A live AI agent is flexible, but it can be expensive and less predictable. Often the smartest use of AI is to build or improve deterministic software that then runs cheaply and reliably without an LLM call for every step.
Why do LLMs usually run in the cloud?
The best LLMs need massive GPU infrastructure, constant updates, and serious engineering to run well. Small models can run on-prem, but most companies should use secure cloud deployments with the right controls.
Why cannot we just run our own LLM on-prem?
You can, but it usually makes little sense. You would need GPUs, servers, model software, security, upgrades, monitoring, and people who know how to keep the system alive.
What does NVIDIA have to do with AI?
NVIDIA makes the GPUs, networking, and software stack that train and run many leading AI models. It is not the AI app, but it is one of the most important infrastructure companies underneath the boom.
Should I be afraid of Chinese models?
Not automatically. The bigger question is who hosts the model, where your data goes, and what controls exist. A trusted provider with the right security terms is usually the real requirement.
Which model is best?
This is usually the wrong question because model quality changes every few months. The right answer is to test models on your actual work, with your data, systems, latency needs, and risk constraints.
Should we build our own LLM?
Almost certainly not. Most companies that say they built an LLM actually built an app, wrapper, fine-tune, or workflow on top of someone else's model. That can be valuable, but it is not the same as training a frontier model.

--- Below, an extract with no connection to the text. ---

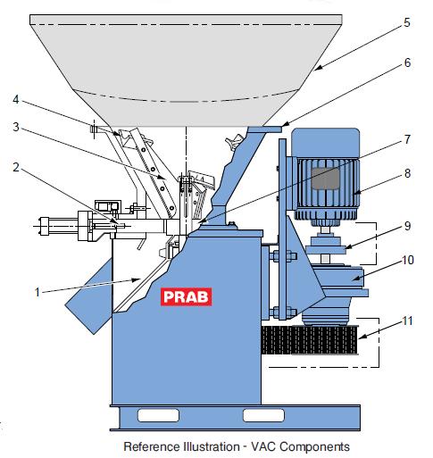 Metal turnings are fed into the VAC’s feed hopper (illust. item 5) which directs the material down into the crusher’s cast alloy hopper (illust. item 6). Fixed cast cutters (illust. item 4) and rotating feeder arm (illust. item 3) reduce the turnings into small pieces. Final crushing is done within the fixed cutting ring (illust. item 7) located in the base of the unit.

What are the security risks?
The main risks are data leakage, bad permissions, wrong answers, prompt injection, and employees pasting sensitive data into random tools. These risks are manageable with enterprise contracts, access controls, logging, private deployments, and good system design.
Will I get hacked if I use AI?
Not if you use it correctly. AI is like cloud software or email: risky when unmanaged, safe enough when deployed with the right controls.
Do LLMs replace people?
They can replace full processes, not just assist workers. The clearest opportunities are manual back-office processes built around documents, data entry, approvals, and exceptions.
Are we doing AI if we use Microsoft Copilot?
Copilot is a productivity tool. It is not by itself an AI strategy for transforming business processes, systems, data, and cost structure.
What is a forward deployed engineer?
A forward deployed engineer works close to the business process, learns how the work really happens, fixes messy data problems, connects systems, and builds working software in the field.
My data is messy. Can I still use AI?
Yes, but messy data is usually the reason you need expert help. Bad data is not a reason to avoid AI. It is the reason to connect AI to real operations carefully.
Why do I need to solve my data problems?
AI is the brain, but data is the body. A smart brain is useless if it cannot see, move, or touch the systems where the work actually happens.
Will my ERP, CRM, or EMR vendor give me AI?
Maybe they will add AI buttons, OCR, copilots, or dashboards. That does not mean they will transform your business. Be skeptical when legacy vendors repackage old workflows as AI transformation.
What are the best AI use cases?
The best use cases are usually practical, painful, and measurable.
- Generate code to replace internal SaaS you pay for every year.
- Automate business processes involving documents, data entry, approvals, and exceptions.
- Use Voice AI for customer service, collections, scheduling, support, and call center work.
- Use Computer Use AI when old software forces people to click through screens manually.
- Use AI agents when the job requires reading, deciding, taking action, and escalating exceptions.